3) Backstreets and Bookshops

If you’re anything like me, then you’ll love getting lost around the lesser known streets of a new city. In my mind, it’s not getting lost if you don’t necessarily have anywhere to be! Dublin is a brilliant city for “getting lost” in and it’s definitely worth spending an afternoon exploring the backstreets with no purpose or time-constraints. This is how you manage to find the real gems – old music shops, antique stores, random street art. My favourite was a tiny green bookstore on the corner of a cobbled street. It’s name was fashioned out of old newspaper and there was an array of jumbled classics on display in the window. A book lover’s heaven!

4) The Army Barracks

Tom and I wandered into the former Collins Army Barracks on the walk back from Phoenix Park. The site is now home to the National Museum of Ireland for Decorative Arts and History. It was a solution to get out of the rain for a while! It’s also  not the sort of place I would have chosen, had a planned it out beforehand. Luckily, sometimes things just happen for the best and I actually found the museum (which is completely free) really interesting. The core exhibition is a tribute to Ireland’s Military History, including (of course) the 1916 uprising. As someone who was completely dense and naive to Irelands past (we studied the potato famine at school briefly when we were doing Seamus Heaney’s poetry in English, but that’s about the extent of it) it made for a very educational afternoon.
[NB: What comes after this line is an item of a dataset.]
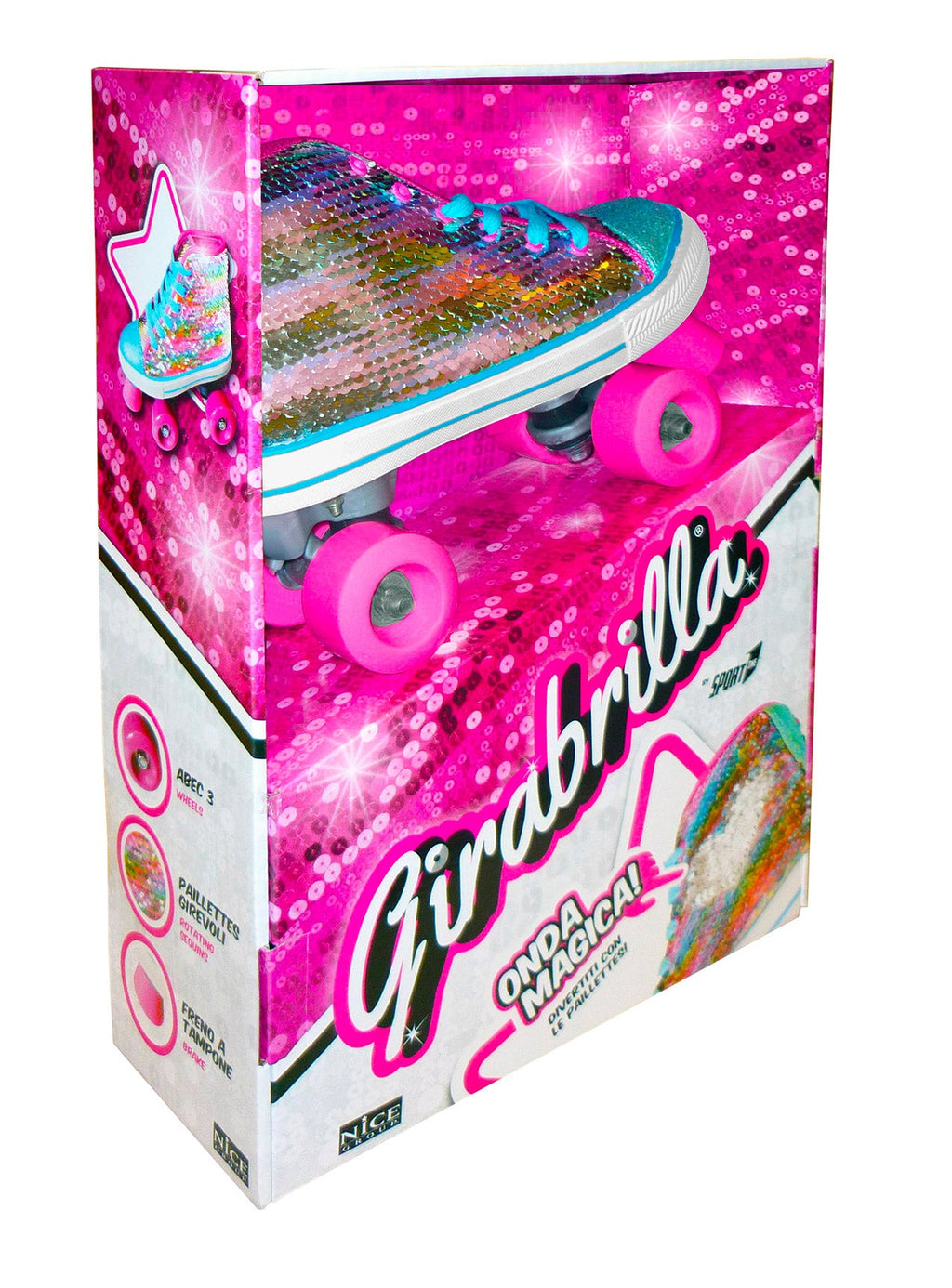 Pattini con gruppo ruote classiche 2 ruote anteriori e 2 ruote posteriori (QUAD). Realizzati con una calzata stilosa che ricorda le sneaker, presentano paillettes iridescenti girevoli per un tocco di glamour. Dotati di freno a tampone per una facile frenata. Le ruote da 50x30mm e i cuscinetti di precisione garantiscono una scorrevolezza fluida. Con una portata massima di 60 kg, sono perfetti per chi cerca un modo divertente e alla moda per muoversi.

5) Trinity College Library and Marsh’s Library

If you hadn’t already gathered, I’m a die-hard lover of all things book related. Nothing makes me happier than curling up with a good book and a cup of tea. I always manage to find or stumble across a new library or fun bookstore whenever I visit somewhere new. Dublin was a haven for me. It seems that around every corner and in every other building there’s a library to visit. Trinity College library is a breathtaking sight even for non-bookworms, whilst Marsh’s library (round the back of St. Patricks Cathedral) has been perfectly preserved since the 18th century. You may not be able to understand what is written in the books, but it’s enough just to be surrounded by them!